Using the test statistic constructed from the sample, identify its the location compared to the emperical cdf.
Conduct a hypothesis test based on the location with a Monte Carlo p-value.
Simulate data from the null distribution (\(H_0\))
Construct the test statistic from the simulated data.
Repeat steps 1 and 2 to construct an empirical distribution of the null hypothesis.
Construct the test statistic from the sample data.
Count the number of simulated test statistics that are more extreme than the sample test statistic.
Compute:
\[ p = \frac{m +1}{n + 1} \]
Extreme values are values that satisfy these condition:
Hypothesis | Condition |
---|---|
\(H_a: \mu\ne\mu_0\) | \(|t_{data}| \leq |t_{sim}|\) |
\(H_a: \mu>\mu_0\) | \(t_{data} \leq t_{sim}\) |
\(H_0: \mu<\mu_0\) | \(t_{data} \geq t_{sim}\) |
The null distribution follows the theorized data distribution with parameters related to the null hypothesis and sample size!
\[ H_0: \mu =\mu_0 \] \[ X\sim N(\mu, \sigma^2) \]
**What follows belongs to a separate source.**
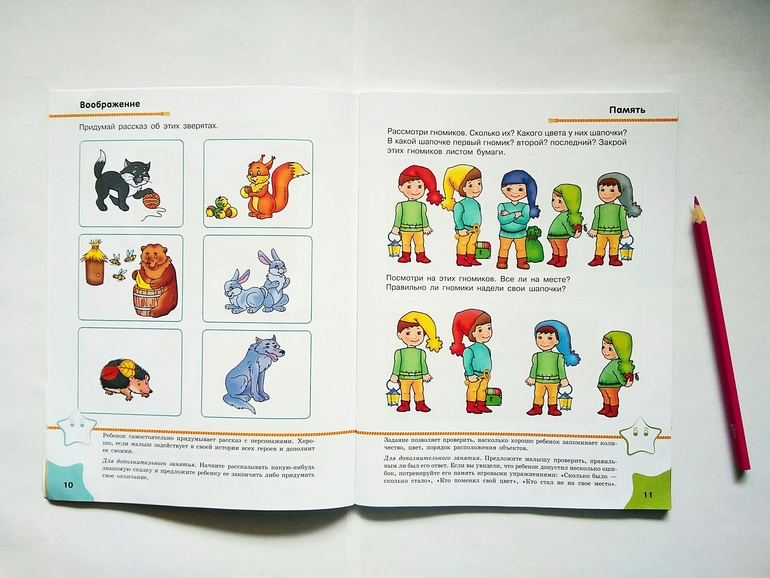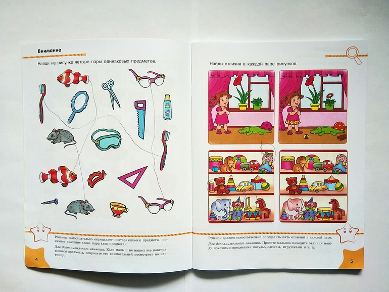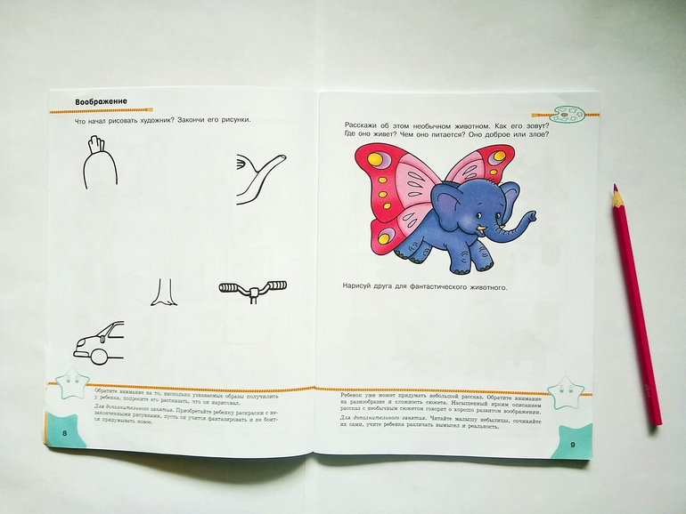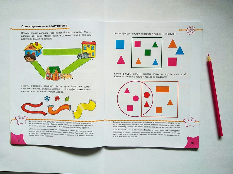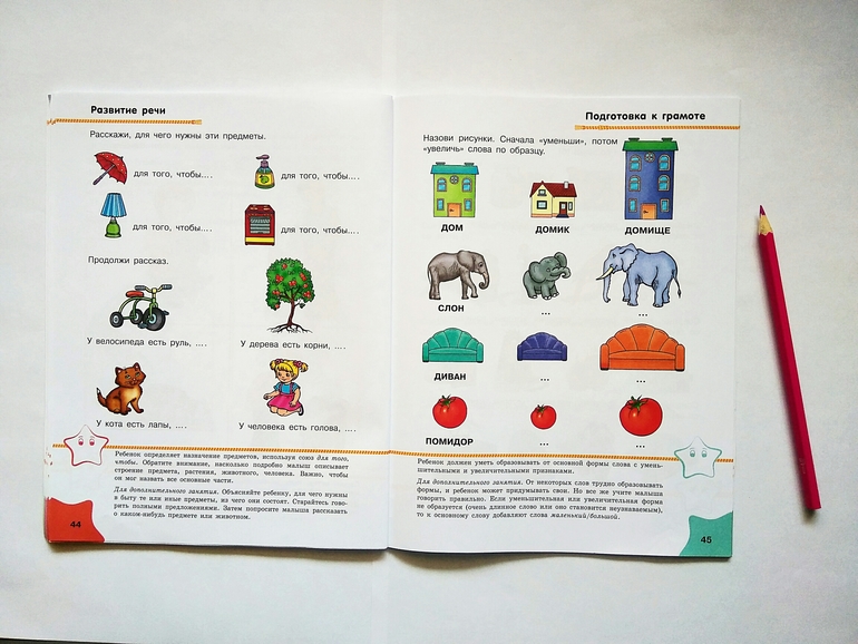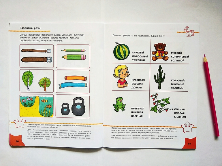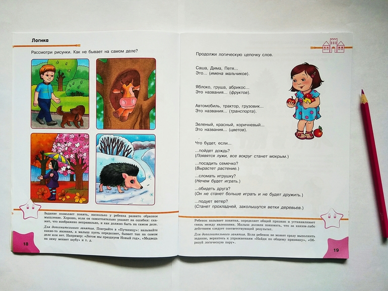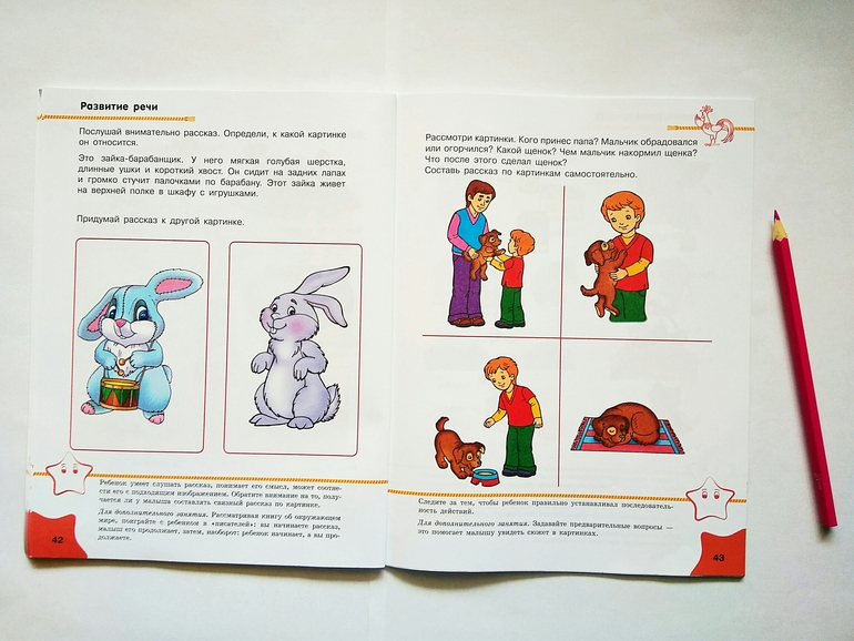 Очень понравилось, что внизу каждой(!) страницы есть рекомендации для родителей по выполнению данного упражнения, на что обратить внимание, что именно должен отвечать ребенок и что теоретически должен уметь/знать. Плюс идеи для дополнительной беседы по теме. Именно поэтому тетрадь не пролистывается быстро - авторы уже всё за вас продумали и подробно расписали что спросить, обсудить или во что поиграть.

Use a Monte Carlo Hypothesis Test for \(H_0: \mu = 3\) and \(H_a: \mu \neq 3\). Simulate fake data from 24 RV’s from \(N(3, 9)\). Testing how the distribution will look like assuming that the null hypothesis is true.
Answer:
tstat <- (mean(x) - 3)/(sd(x)/sqrt(24))
t_stat_sim <- function(i){
x <- rnorm(24, 3, 3)
tt <- (mean(x) - 3)/(sd(x)/sqrt(24))
return(tt)
}
t_dist <- sapply(1:100000, t_stat_sim)
t_dist |> tibble(x = _) |>
ggplot(aes(x, y = ..density..)) +
geom_histogram() +
geom_vline(aes(xintercept = tstat), col = "red")
#> [1] 69032
#> [1] 0.6903231
Use a Monte Carlo Hypothesis Test for \(H_0: \mu = 6\) and \(H_a: \mu \neq 6\). Simulate fake data from 24 RV’s from \(N(3, 9)\). Testing how the distribution will look like assuming that the null hypothesis is true.
Answer:
tstat <- (mean(x) - 6)/(sd(x)/sqrt(24))
t_stat_sim <- function(i){
x <- rnorm(24, 6, 3)
tt <- (mean(x) - 6)/(sd(x)/sqrt(24))
return(tt)
}
t_dist <- sapply(1:100000, t_stat_sim)
t_dist |> tibble(x = _) |>
ggplot(aes(x, y = ..density..)) +
geom_histogram() +
geom_vline(aes(xintercept = tstat), col = "red")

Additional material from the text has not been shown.